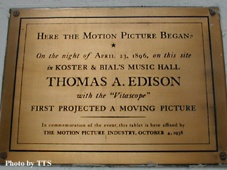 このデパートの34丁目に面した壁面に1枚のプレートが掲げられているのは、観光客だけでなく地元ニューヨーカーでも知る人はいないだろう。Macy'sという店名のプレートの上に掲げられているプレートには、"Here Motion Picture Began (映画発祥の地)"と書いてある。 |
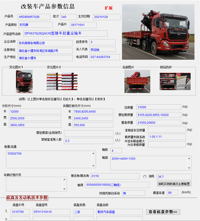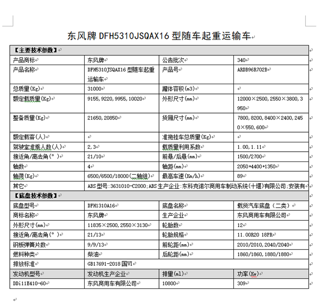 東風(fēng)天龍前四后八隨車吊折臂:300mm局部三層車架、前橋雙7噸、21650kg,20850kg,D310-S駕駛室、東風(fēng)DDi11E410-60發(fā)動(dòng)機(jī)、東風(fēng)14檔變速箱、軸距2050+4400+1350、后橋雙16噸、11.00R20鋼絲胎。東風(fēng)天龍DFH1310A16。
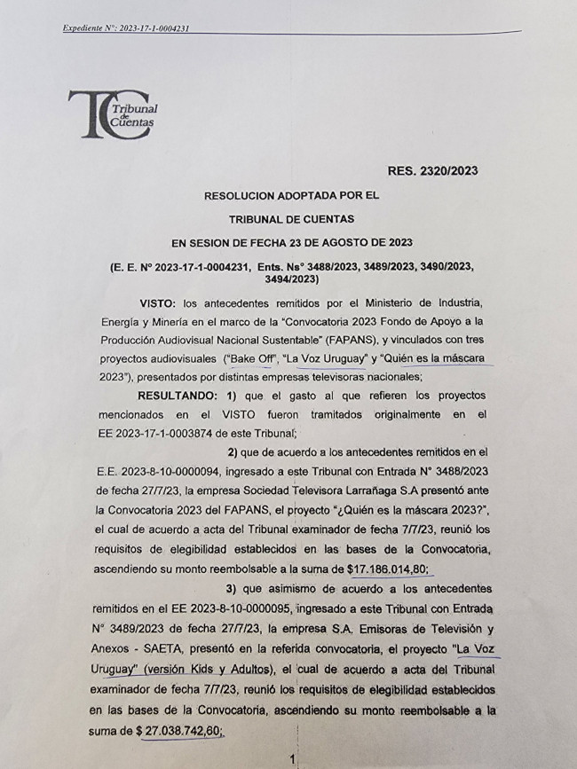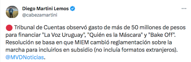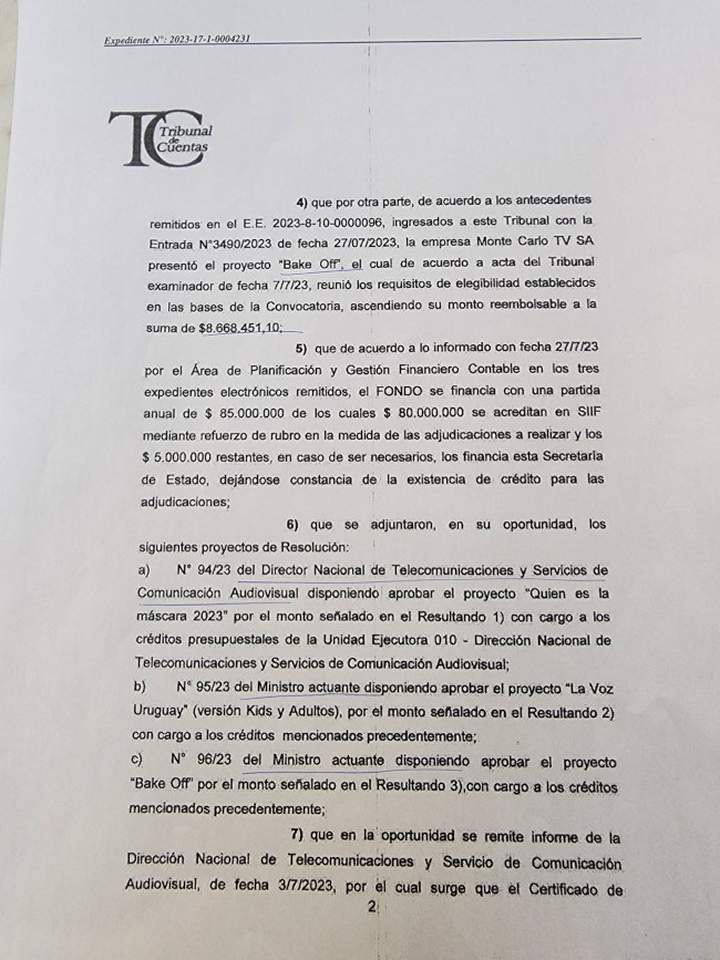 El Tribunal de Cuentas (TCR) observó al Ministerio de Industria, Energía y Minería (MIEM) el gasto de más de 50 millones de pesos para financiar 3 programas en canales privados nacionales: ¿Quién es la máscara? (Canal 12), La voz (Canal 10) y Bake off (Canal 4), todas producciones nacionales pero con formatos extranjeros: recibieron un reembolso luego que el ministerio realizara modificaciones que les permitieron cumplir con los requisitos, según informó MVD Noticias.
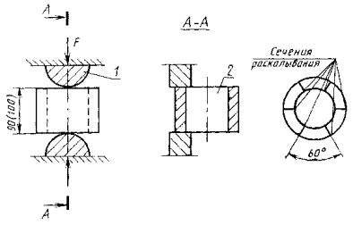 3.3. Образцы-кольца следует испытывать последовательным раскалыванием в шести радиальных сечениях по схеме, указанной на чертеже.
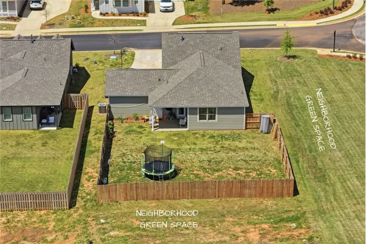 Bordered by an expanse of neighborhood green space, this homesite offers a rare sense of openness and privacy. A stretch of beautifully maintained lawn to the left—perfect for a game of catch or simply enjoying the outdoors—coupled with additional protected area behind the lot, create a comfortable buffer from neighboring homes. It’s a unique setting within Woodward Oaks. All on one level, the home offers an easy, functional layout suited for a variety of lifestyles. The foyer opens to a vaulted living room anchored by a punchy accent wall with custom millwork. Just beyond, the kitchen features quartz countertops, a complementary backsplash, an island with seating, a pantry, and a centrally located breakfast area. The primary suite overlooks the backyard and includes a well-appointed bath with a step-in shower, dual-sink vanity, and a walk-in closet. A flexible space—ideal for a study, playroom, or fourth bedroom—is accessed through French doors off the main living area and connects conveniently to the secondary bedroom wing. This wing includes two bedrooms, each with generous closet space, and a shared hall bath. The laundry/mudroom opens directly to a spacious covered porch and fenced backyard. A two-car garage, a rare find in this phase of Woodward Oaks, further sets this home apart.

══════════

◆ EXERCISE AIM ◆
When copying from the data above, begin at the line containing "東風(fēng)天龍前四后八" and end at the line containing "3.3. Образцы-кольца следует"; return those lines exactly and leave all pictures behind.

◆ TASK RESPONSE ◆
 東風(fēng)天龍前四后八隨車吊折臂:300mm局部三層車架、前橋雙7噸、21650kg,20850kg,D310-S駕駛室、東風(fēng)DDi11E410-60發(fā)動(dòng)機(jī)、東風(fēng)14檔變速箱、軸距2050+4400+1350、后橋雙16噸、11.00R20鋼絲胎。東風(fēng)天龍DFH1310A16。
 El Tribunal de Cuentas (TCR) observó al Ministerio de Industria, Energía y Minería (MIEM) el gasto de más de 50 millones de pesos para financiar 3 programas en canales privados nacionales: ¿Quién es la máscara? (Canal 12), La voz (Canal 10) y Bake off (Canal 4), todas producciones nacionales pero con formatos extranjeros: recibieron un reembolso luego que el ministerio realizara modificaciones que les permitieron cumplir con los requisitos, según informó MVD Noticias.
 3.3. Образцы-кольца следует испытывать последовательным раскалыванием в шести радиальных сечениях по схеме, указанной на чертеже.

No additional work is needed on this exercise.